Parexel Job Application


Parexel Job Application Online

As an outgrowing and developing company, Parexel receives applications for different departments of the company. Applicants who would like to work at Parexel can either provide their online application or directly can contact the human resources. This article mainly focuses on the applicable positions, detailed information about the current open positions and the application procedures. To have a deeper knowledge, only thing you need to do is to follow the requirements given in this article.

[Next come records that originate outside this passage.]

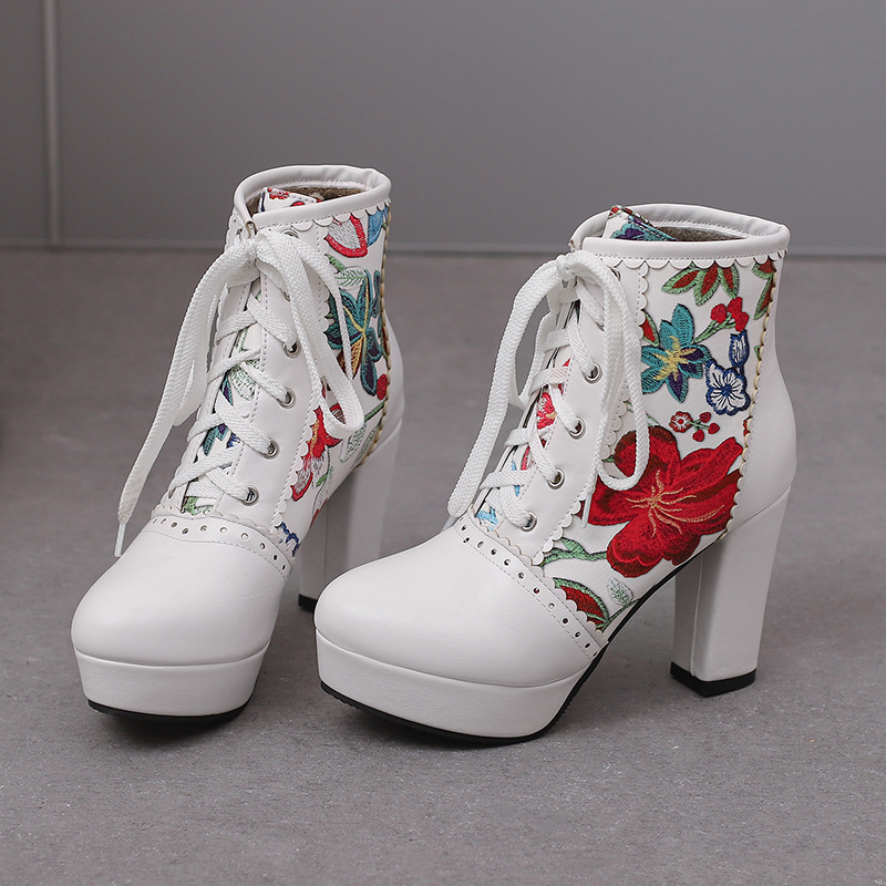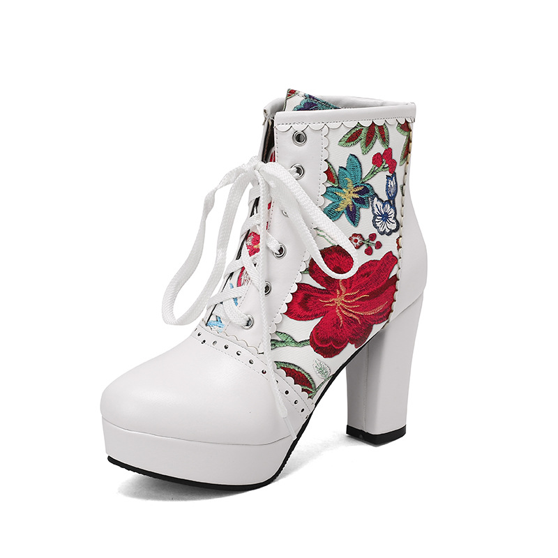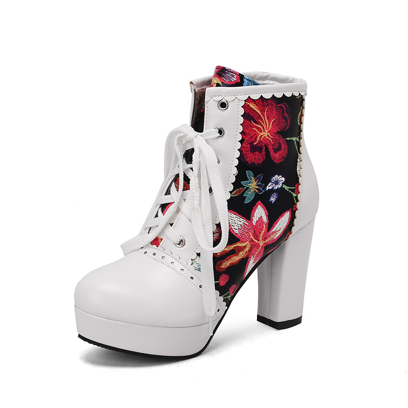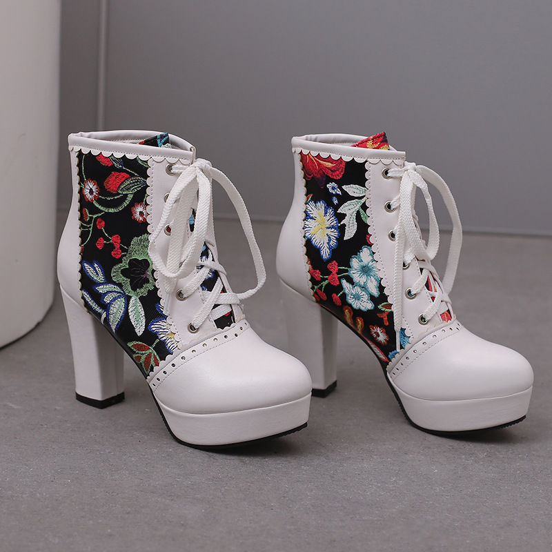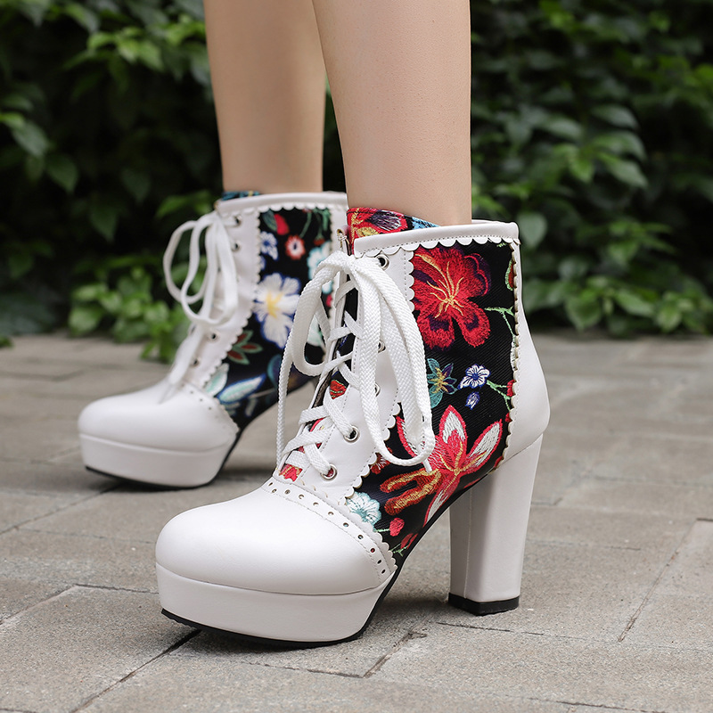 부츠 높은 굽 여성 신발 두꺼운 전면 레이스 업 마틴 부츠 짧은 배럴 컬러 블록 가죽 부츠 대외 무역 달콤한 인쇄 여성의 새로운 성인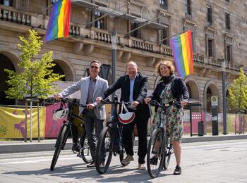 Freuen sich auf drei Wochen STADTRADELN 2025 (von links): Bürgermeister Ralf Eisenhauer, Oberbürgermeister Christian Specht und Erste Bürgermeisterin Prof. Dr. Diana Pretzell.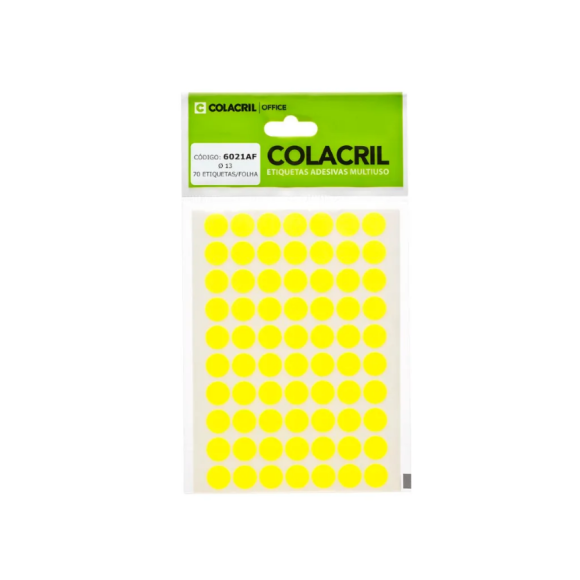 ETIQUETA REDONDA 13MM AMARELO FLUORESCENTE - 420UN - COLACRIL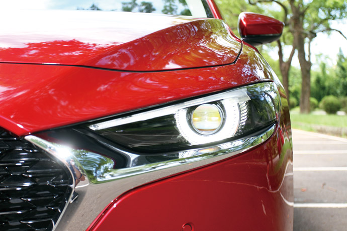 以Kodo魂動為設計語彙的Mazda 3採日式簡約風格貫穿整台車,在第四代中更以單一的律動曲線創造出光影的變化,在不同角度中仍然能夠感受到整台車優雅的氣勢,並且相當俐落的線條也讓Mazda 3成為一台獨特外型的豪華車款,不僅在競爭激烈的車市中讓人為之一亮,也像是一台動態藝術精品行走在路上。於車頭的網狀水箱護罩,也從單一線條的車身跳脫出來,而在這一次加大了比例後顯得更加奢華,搭配著引擎蓋的兩道線條更顯得霸氣與優雅的融會,再加上一雙銳利小比例的LED頭燈,讓車頭達到完美的線條比例,增加了整體輪廓上的美感。至車尾也同樣以小比例的LED尾燈,搭配上更為突出的駝峰輪廓跳脫出整體線條,讓外觀在簡約中帶出多處細緻的設計,猶如藝術精品一般,讓人從各種角度都能從簡約中發現讓人驚豔的美感。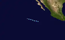 On May 24, a tropical wave emerged off the western coast of Africa. The wave entered the eastern Pacific around June 6 and shower and thunderstorm activity began to increase shortly thereafter. A broad area of low pressure formed a few hundred miles south of Acapulco, Mexico two days later.[19] Following satellite evidence of a well-defined circulation and organized convective activity,[20] the National Hurricane Center upgraded the disturbance to a tropical depression at 1200 UTC on June 11. After attaining winds of 35 mph (56 km/h) and a minimum barometric pressure of 1004 mbar (1004 hPa; 29.6 inHg), the depression began to traverse cooler waters and much more stable air. This caused all associated convection to fade away, and the depression degenerated to a non-convective remnant low at 0000 UTC on June 13. The remnant low continued northwest until dissipation by 0600 UTC on June 15.[19]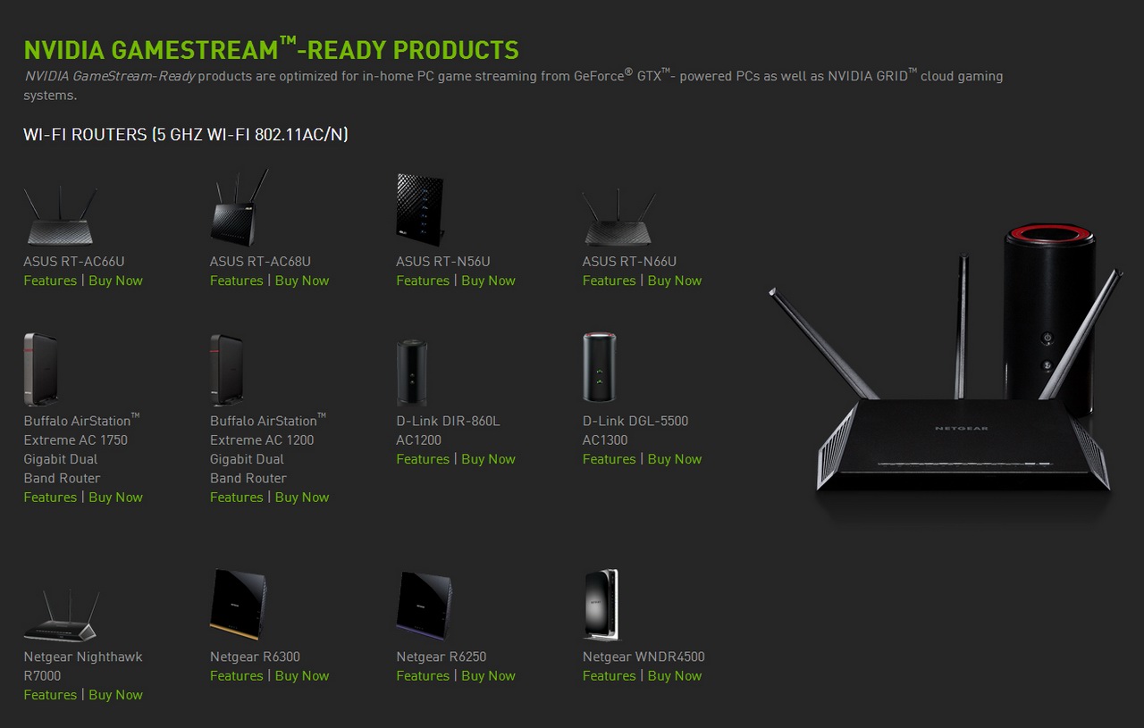 NVIDIA GameStream-ready routers คือ router ถูกปรับแต่งเป็นพิเศษ เพื่อให้การเล่นเกมส์ภายในบ้านของท่านไหลลื่น ไม่สะดุด เมื่อทำการ stream game ผ่านPC ที่ประกอบไปด้วย ระบบกราฟิก GeForce GTX หรือ NVIDIA GRID cloud game streaming. Router ที่ผ่านการรับรองแล้วได้แก่

PAREXEL International is a global provider of biopharmaceutical services. It conducts clinical trials on behalf of its pharmaceutical clients to expedite the drug approval process. It is the second largest clinical research organization in the world and has helped develop approximately 95% of the 200 top-selling biopharmaceuticals on the market today. The company publishes the annual PAREXEL R&D Statistical Sourcebook, operates the PAREXEL-Academy,[4] and councils all of the top 50 biopharmaceutical and top 30 biotechnology companies.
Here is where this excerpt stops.